Abby was outraged and walked away from the ferryman. There was a merchant in the village who occasionally used the ferry, and Abby went to him to tell him what the ferryman said to her. He listened to her story attentively but told her that he wouldn't loan her any money for the ferry because he didn't know enough about her or her family to be certain that she could repay the debt. Abby begged the merchant again to loan her the money out of pity, but he refused and told her to leave and not trouble him any further.

Abby still longed to be with Carl and felt that she had no other choice but to take the ferryman's second proposition. She spent one night with the ferryman, and he took her to the island the following day exactly as he agreed. Abby decided to say nothing to Carl about having spent the night with the ferryman.

Carl was delighted to see Abby and asked her to marry him so she could stay with him and he could still care for his sick mother. Abby agreed to marry him and they both decided to marry in a week. In the meantime, the merchant made a trip to the island for business and told someone on the island a story about a woman who begged him to loan her money so she wouldn't have to sleep with the ferryman. Eventually, Carl heard about the merchant's story and questioned Abby to find out if the story was true. Abby confessed that she had slept with the ferryman. She told Carl that she wanted to be with him so badly that she was willing to do almost anything to reunite with him. Carl grew angry and told her that he could not marry her because the marriage would bring shame to him and his family.
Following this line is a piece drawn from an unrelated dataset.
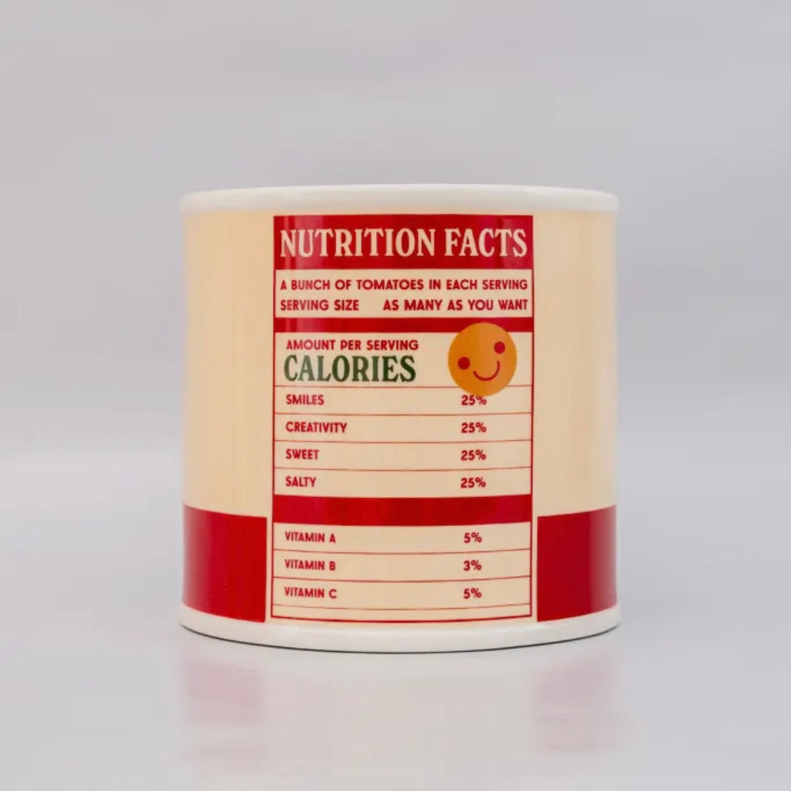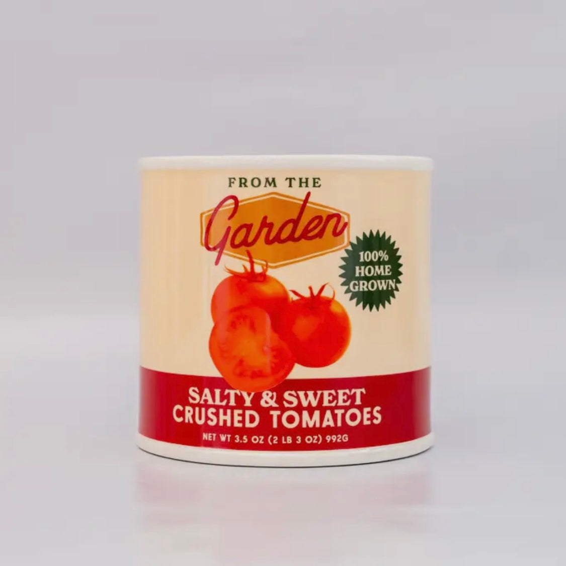 Pop art style crushed tomato can shaped vase. Features retro style graphics in red, yellow and green on a white glaze. Designed in Los Angeles.
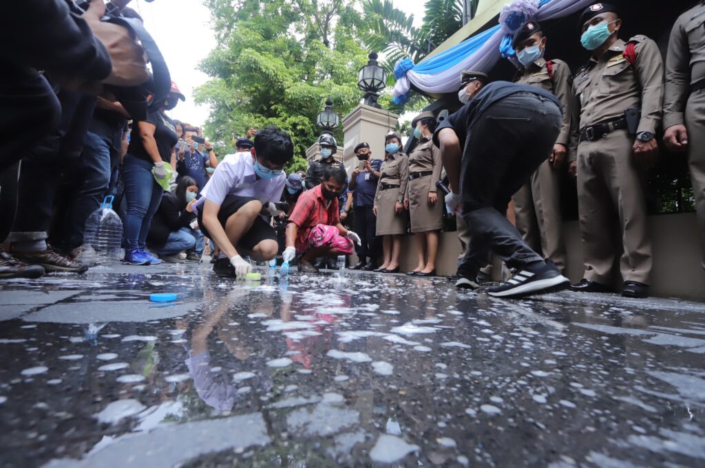 ผู้ชุมนุมได้นำอุปกรณ์มาเพื่อทำความสะอาดบริเวณพื้นและป้ายสำนักงานตำรวจแห่งชาติ แต่เจ้าหน้าที่หลายสิบนายได้ออกมายืนกั้นเป็นแนวหน้ากระดาน ทำให้ผู้ชุมนุมไม่สามารถทำความสะอาดป้ายสำนักงานฯ ได้

Abby left Carl in tears and wandered away into a grove on the island and thought about committing suicide. A man on the island who was a woodcutter found Abby in the grove and listened to her story and tried to find words to comfort her. She continued to weep and said that nothing could bring her happiness again because her lover had rejected her. The woodcutter was moved to anger by the story and went to Carl's family's house and beat Carl to a pulp.